The three-page response submitted by CFO Conor Baldwin states in part that “On numerous occasions, it has been suggested that the city establish its own municipal broadband network to provide residents fast and affordable internet. This doesn’t mean other options to expand ISP services within the city are not available. The city has issued a formal request for proposal (“RFP”) seeking proposals from qualified vendors to build and operate a community-wide high speed and well-designed fiber-to-the-premises (“FTTP”) network over an open access fiber network for residents, business, government, and community anchor institutions located within the—all at no cost to the taxpayers.”

INFORMATIONAL REPORTS

Settlement of the First Relocation Claim for 75 Arcand Drive: The City has settled with a tenant of 75 Arcand Drive who had “elected to discontinue his business and, as part of a settlement, was compensated $129,820 for loss of personal property.”

Update on Annual Municipal Lien Auction Sale: According to the information memorandum, letters were mailed to delinquent properties on March 1st informing delinquent property owners of the upcoming lien auction sales.  As a result of that letter, approximately $368,139 in taxes has been collected. “Once this year’s auction is complete, the Law Department will submit a report summarizing those collections since 2012” when the program began.

FY2020 Budget and NSS Compliance: City Manager Eileen Donoghue wrote “As we near the end of the third quarter of the fiscal year, I write to update the City Council of the ongoing preparations for the FY2020 budget…The city budget process is well underway. I have directed department heads to reduce growth in spending by managing positions and identifying other cost reductions so that fixed cost increases can be absorbed without an adverse effect on the total budget. All non-personnel operating expenses increasing due to contractual terms must be absorbed within the budget without being knowingly under-budgeted.”

New WM Contract: James Troup, DPW Deputy Director Administration and Finance, provided the 2-page memo on the new Waste Management Contract. “January 1, 2019 marked the beginning of a new contract with Waste Management. The outcome of the negotiation resulted in the agreement of a new 6 year contract that will terminate on December 31, 2024…The total cost of the new contract over six years shall not exceed $28.5M…As previously mentioned, recycling contamination is an industry-wide problem. All cities and towns are experiencing increased costs associated with the processing of contaminated recycling materials. These costs have been factored into our contract at a baseline of 10%. Despite our efforts, the City’s contamination rate neared 40% and cost the City $75,000 in the last six months of 2018.

COUNCIL MOTIONS

Councilor D. Conway: “Request City Manager meet with appropriate Departments to develop a monetary employee incentive program; which objective is to achieve efficiencies in city operations by giving employees an opportunity for incentives and to contribute their ideas that could result in measurable costs savings, increased efficiencies and increased revenues for the City.”
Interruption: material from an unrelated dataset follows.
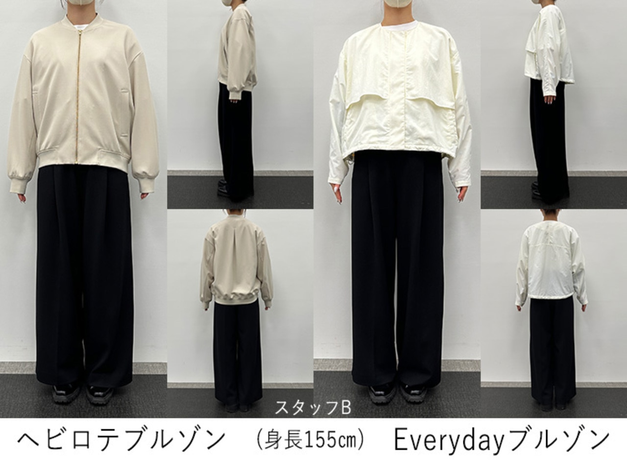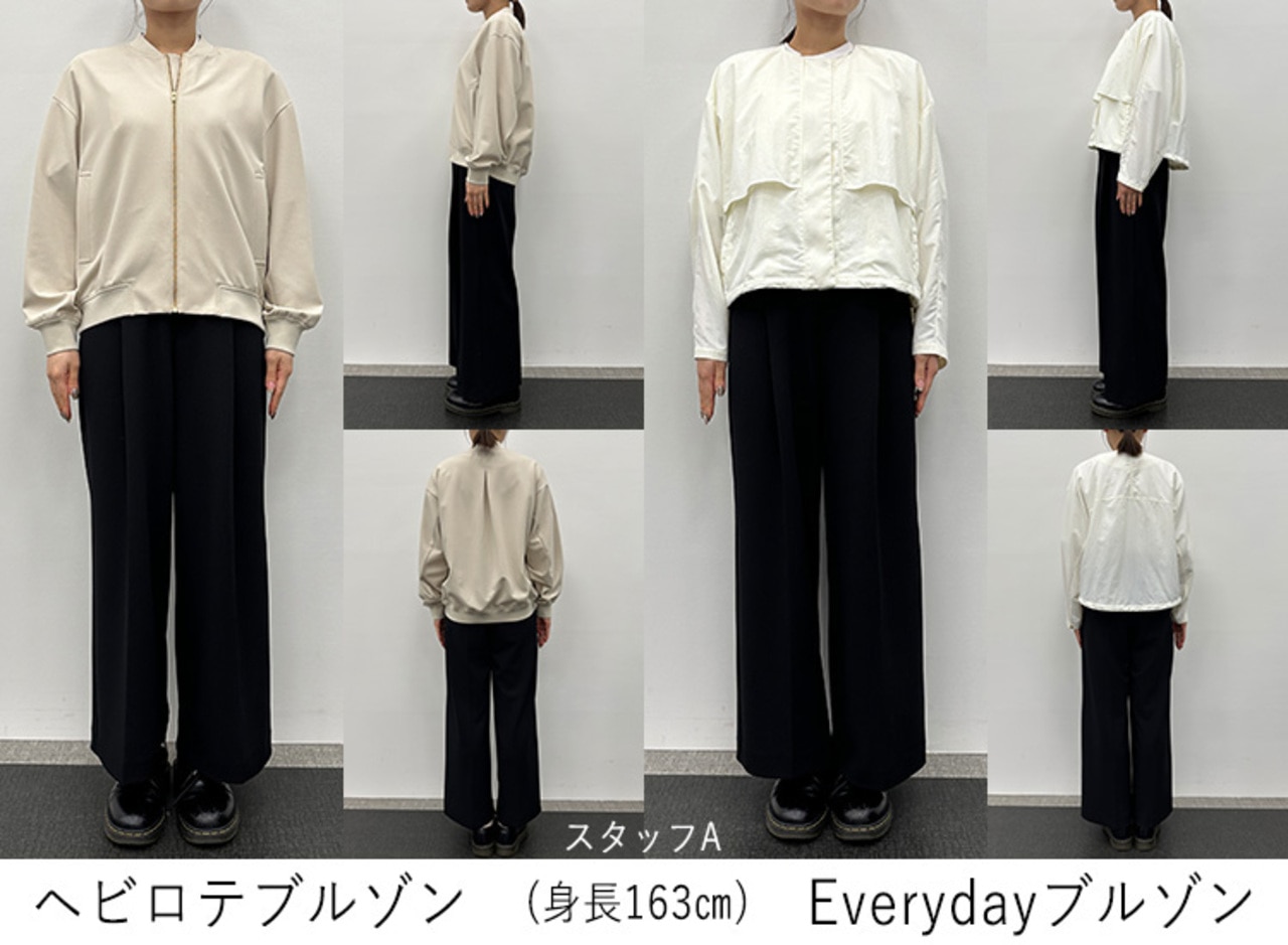 バックスタイルを比べると、ゆとりのあるヘビロテブルゾンと、コンパクトなトレンドシルエットのEverydayブルゾンという印象です。

Councilor K. Cirillo “Request City Manager direct the proper Department install two additional signs indicating ‘Area Under Video Surveillance’ on poles at the Reservoir on Richards St. at Monroe St. and across from 74 Richards St.”

Councilor K. Cirillo “Request City Manager provide City Council with City-Wide Spring Cleaning Schedule.

Councilor K. Cirillo “Request City Manager provide City Council with City-Wide Spring Tree Planting Schedule.”

Councilor K. Cirillo “Request City Manager Re-Establish the Collective of City Officials Meeting with the Neighborhood Presidents to walk the neighborhoods to identify areas that need restoration to revive the neighborhoods integrity and vitality.”

Councilor R. Mercier “Request City Manager place Madonna Circle on the list of streets needed to be addressed due to truck turnaround traffic caused by the company repairing the Broadway Street Bridge.”

Councilor J. Leahy “Request City Manager update City Council regarding reorganization of the DPW and the Parks Department.